Patient story and scientific information on Castleman's in Science Magazine, Vol. 353, Pages 212-215, 2016.
Thank you VERY much!
Mine was diagnosed when they removed the entire tumour, I think thats the only way to diagnose, before that, they thought it was a nerve sheath tumour, they ruled that out and then thought it was lymphoma, right up until my results came back. Have you spoken to Jim johnstone? he can put you in touch with any experts in your area or nearest, they can diagnose you if your current place cannot. Do you use FB? this is pretty active International Castlemans Disease Organization https://www.facebook.com/groups/48343887930/ also https://www.facebook.com/care4castlemans and the web page which Jim runs, he is very active on FB http://castlemans.org/
I really think I do, yet the Dr.'s haven't said it in cement yet. I have very large lymph nodes in my chest, on my neck and jawline and my immune system is wiped out. I'm waiting for results on recent blood work.
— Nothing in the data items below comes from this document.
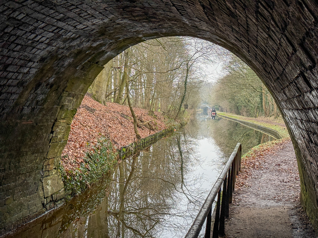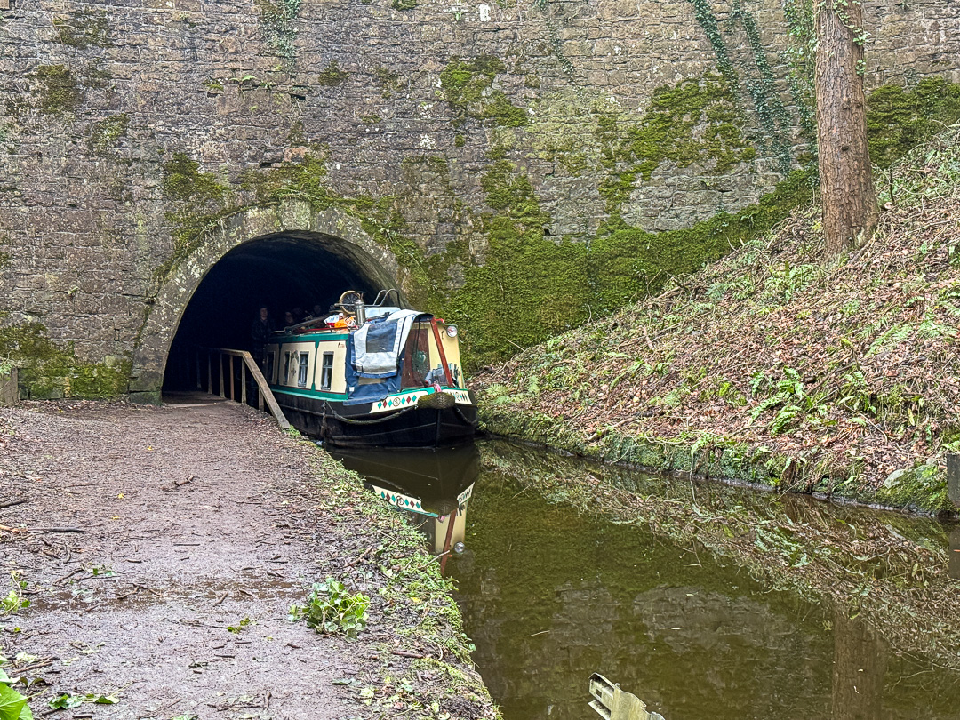 Today, we took a walk along the canal, starting by going through Chirk tunnel. On the way through we overtook a barge which emerged after us.
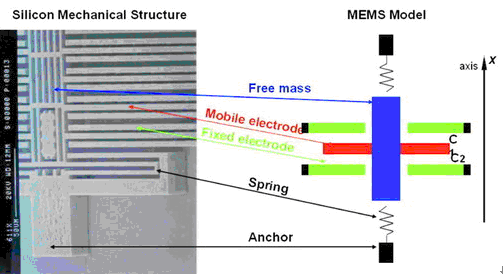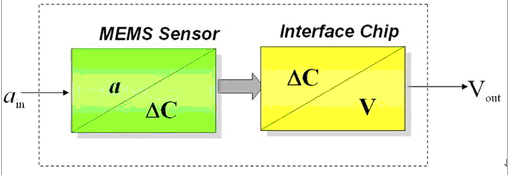 在電容式的結構中,當其中的質塊出現加速度運動時,就會產生電容量的差異變化(DC),此變化會傳送給另一顆接口芯片(Interface chip),由它來輸出可量測的電壓值。因此,一個3軸加速度計芯片中必須包含兩大單元,一是單純的機械性MEMS傳感器,它包含測量XY軸的區域及測量Z軸的區域,內部有成群移動的電子;另一則是標準的ASIC接口芯片,它會將電容變化轉換為電壓訊號輸出。
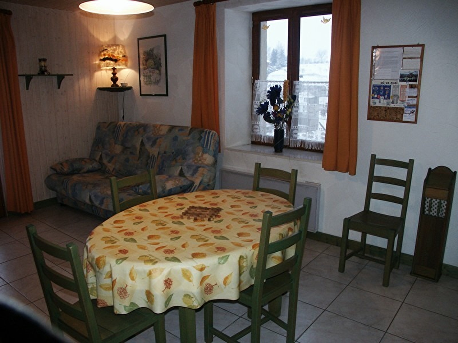 Logement dans une maison mitoyenne située au coeur du Parc Naturel Régional du Haut Jura, au pied des pistes de ski de fond, sur le domaine skiable de Longchaumois. Au RDC: cuisine-séjour (four traditionnel), canapé convertible, WC indépendant. A l'étage: salle d'eau avec WC, ch1: 1 lit 2 pl, ch2: 2 lits 1 pl superposés, lit bébé à disposition, terrain attenant non clos, salon de jardin, barbecue. Chauffage électrique. Charges non comprises. Les draps sont fournis et les lits faits à l'arrivée. Parking privé sur place et volets dans les chambres.
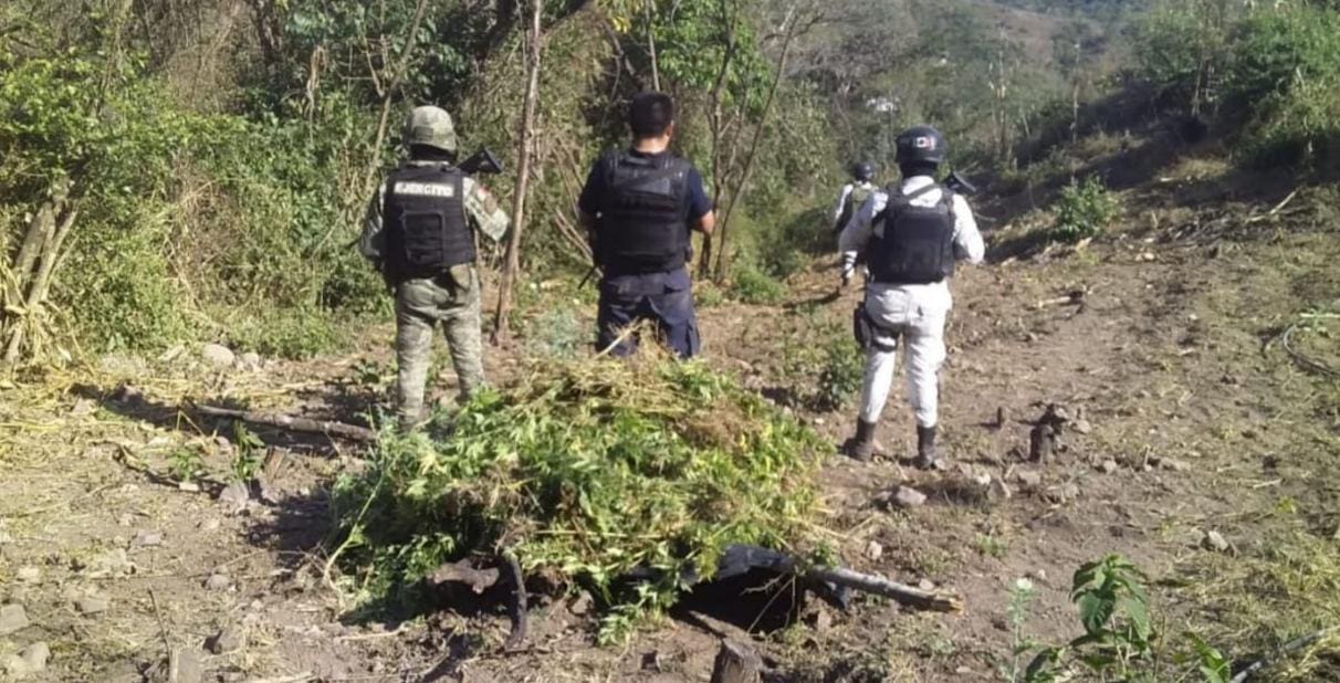 En operativo interinstitucional, se localiza y destruye campamento y plantío de marihuana en Chinicuila

The dr.'s are finding me very difficult to diagnose. It's worrisome. Hope I don't get lymphoma. Thanks for answering. I had a media stenoscopy last March where they took many samples of the lymph nodes in the chest. It was inconclusive. In September I had a lung biopsy, since I also have a rare lung disease and that's when Castleman's was brought up. They just aren't willing to or have enough proof that that's what it is yet.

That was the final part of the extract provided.